:: EXERCISE OBJECTIVE ::
Copy out the data word for word. The images are not part of the copy.

(Source records)
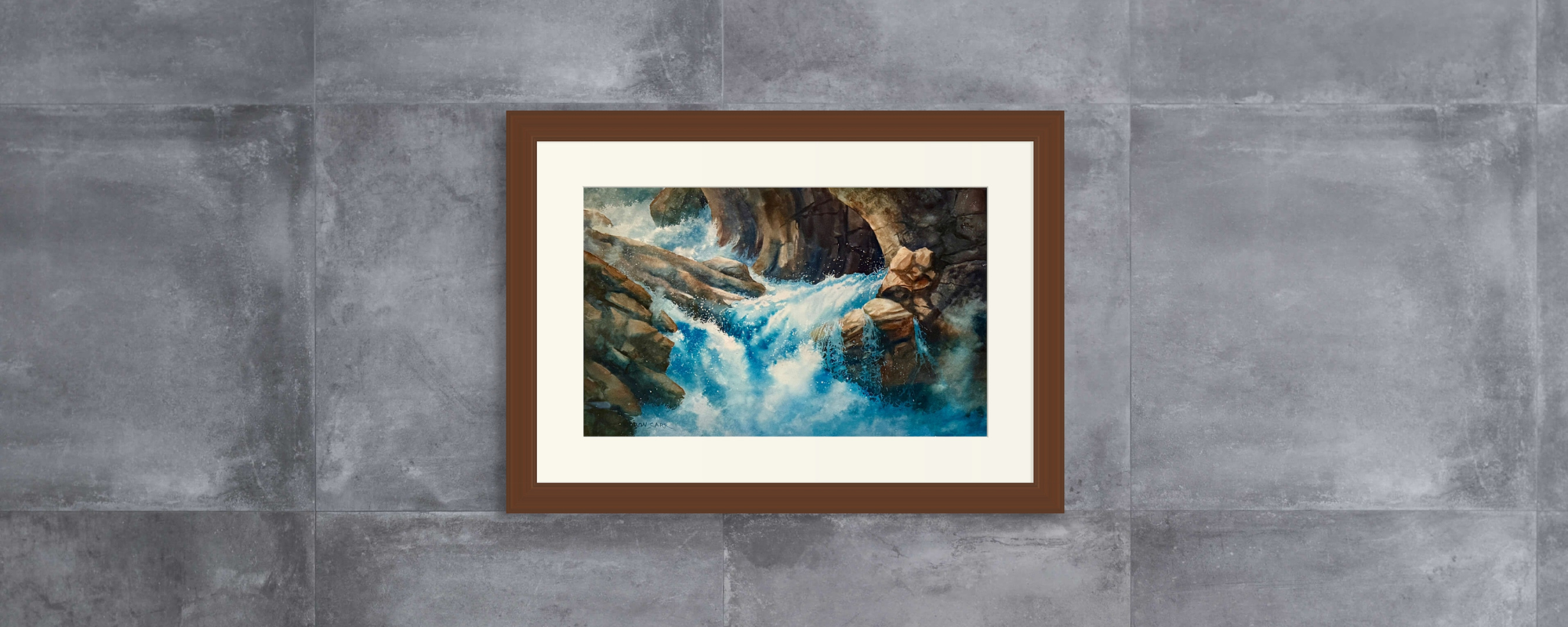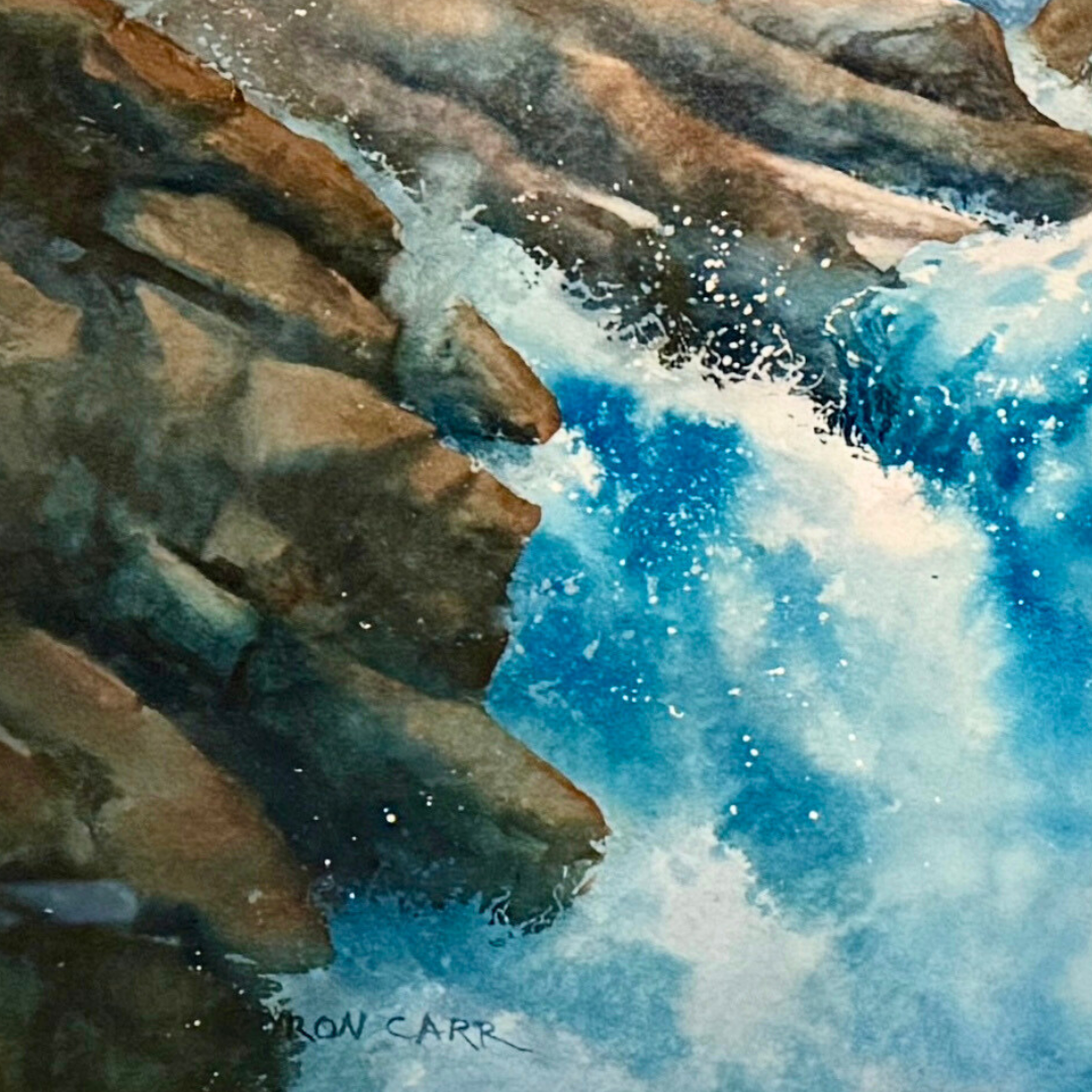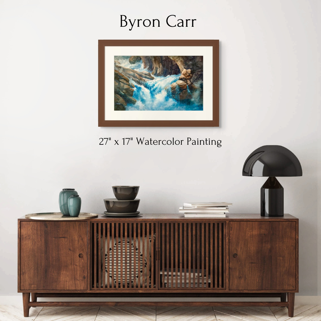 This original watercolor by Byron Carr features a serene waterfall scene framed with natural elements. The piece is matted and framed, ready for display.
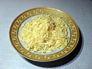 Яйца отвариваем вкрутую. Охлаждаем, чистим и натираем на терке.
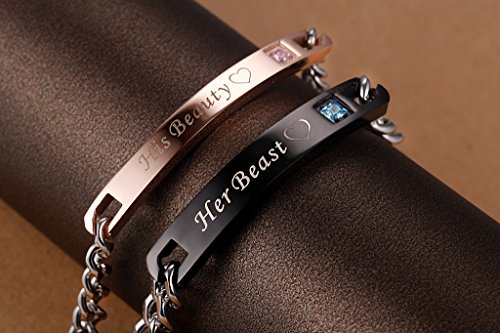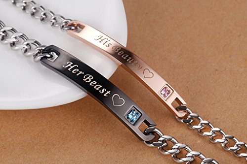 Women: 7"(18cm); Rose Gold Color; Writes "His Beauty" / Men:8.6"(22cm); Black color; Writes "Her Beast"
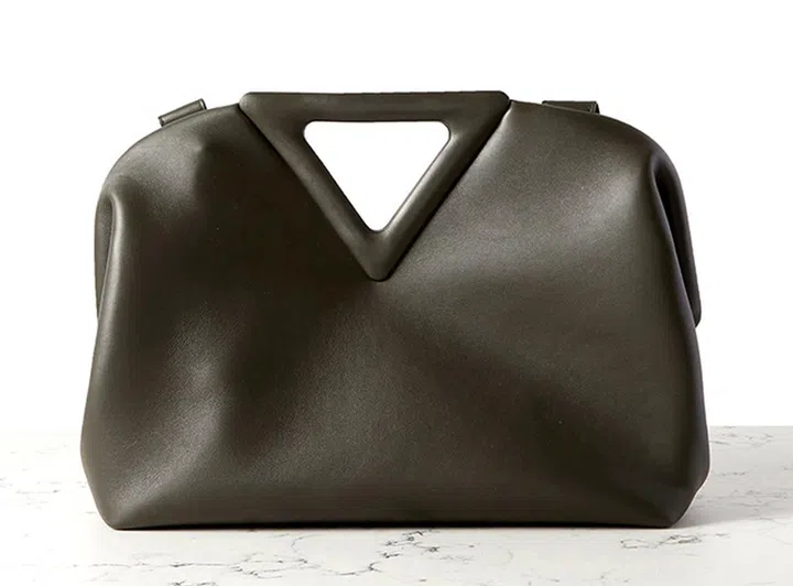 去年春夏主打的Point手袋,最大特色是柔软袋身上的倒三角形磁性V形封口提手。独特的几何感设计打破常规,前卫感十足又不失实用性。
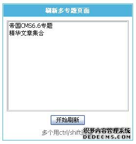 | 刷新多栏目页面:选择多个指定栏目进行生成操作。 |
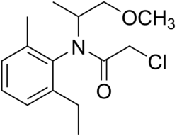 Metolachlor is an organic compound that is widely used as an herbicide. It is a derivative of aniline and is a member of the chloroacetanilide family of herbicides. It is highly effective toward grasses.
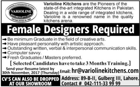 Varioline Kitchens Pvt Ltd Female Designer Required 2017
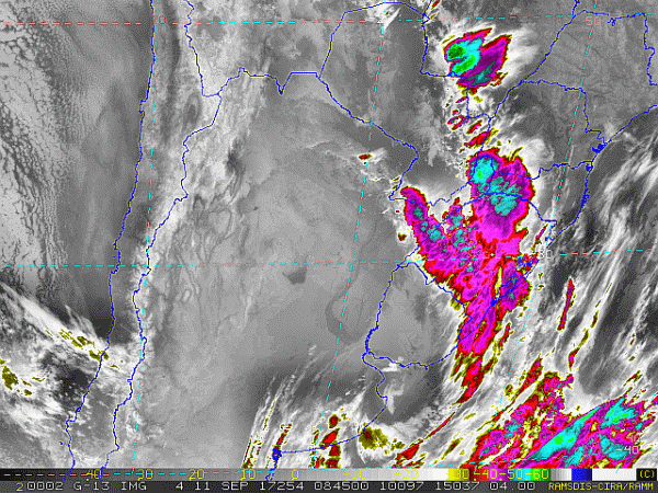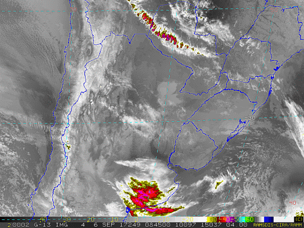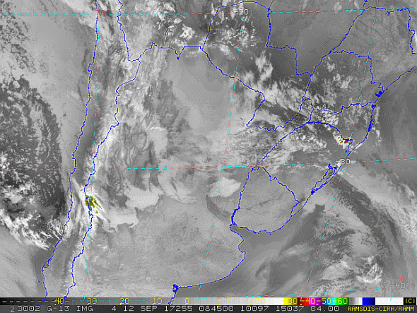 Observe a imagem de satélite desse início dia áreas de instabilidades sobre o estado gaúcho.

:: TASK RESPONSE ::
 This original watercolor by Byron Carr features a serene waterfall scene framed with natural elements. The piece is matted and framed, ready for display.
 Яйца отвариваем вкрутую. Охлаждаем, чистим и натираем на терке.
 Women: 7"(18cm); Rose Gold Color; Writes "His Beauty" / Men:8.6"(22cm); Black color; Writes "Her Beast"
 去年春夏主打的Point手袋,最大特色是柔软袋身上的倒三角形磁性V形封口提手。独特的几何感设计打破常规,前卫感十足又不失实用性。
 | 刷新多栏目页面:选择多个指定栏目进行生成操作。 |
 Metolachlor is an organic compound that is widely used as an herbicide. It is a derivative of aniline and is a member of the chloroacetanilide family of herbicides. It is highly effective toward grasses.
 Varioline Kitchens Pvt Ltd Female Designer Required 2017
 Observe a imagem de satélite desse início dia áreas de instabilidades sobre o estado gaúcho.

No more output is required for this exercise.